Helping the State Bar substitute a coherent meaning for the quoted confusion isn't doing the State Bar a favor. The State Bar applies rules prohibiting use of opinions of individual prosecutors to support conclusions about which opinion is correct, meaning if the State Bar officially characterized Judge Anello as not being a complaining witness, you cannot counterpose the opinion of specific prosecutors as authoritative or as true. The rules the State Bar tries to invoke are analogous to the hearsay rule, which states that second hand statements cannot serve as evidence for their truth. Similarly, the opinions of prosecutors cannot be invoked to prove their truth, but Kay didn't unseal the Konig records to prove that Judge Anello was a complaining witness because prosecutors said he was but to prove facts, such as his role in charging Kay, that implied he was. The same facts are circumstantial evidence that, contrary to what the State Bar claims, it regarded him as a complaining witness. The key to undermining the State Bar Court's argument as a whole is exhibiting its central mistake and analogizing it to a misapplication of the hearsay rule.

1 comment:

  1. Similar to what you mention about "what if the court disagrees," I would offer an additional piece of advice: don't be a jerk!
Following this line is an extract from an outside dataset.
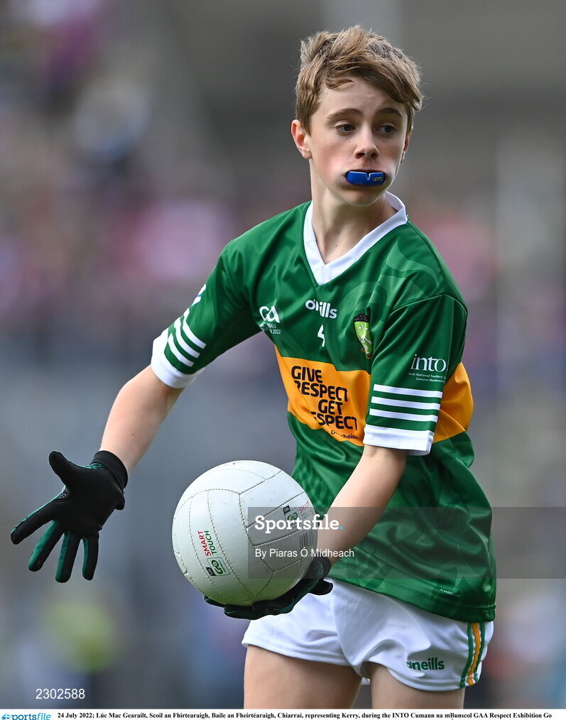 24 July 2022; Lúc Mac Gearailt, Scoil an Fhirtearaigh, Baile an Fheirtéaraigh, Chiarraí, representing Kerry, during the INTO Cumann na mBunscol GAA Respect Exhibition Go Games at GAA All-Ireland Senior Football Championship Final match between Kerry and Galway at Croke Park in Dublin. Photo by Piaras Ó Mídheach/Sportsfile

    When faced with one of these arguments, I prefer to use phrases like "appears to argue" and, absent extreme circumstances, I always avoid referring to counsel directly.

    If your writing is taken as a personal attack against opposing counsel, whether criticizing their writing or otherwise, the effect will be for the judge or judges to more closely examine you're own writing and find some way to show you that you are not the smartest person in the room.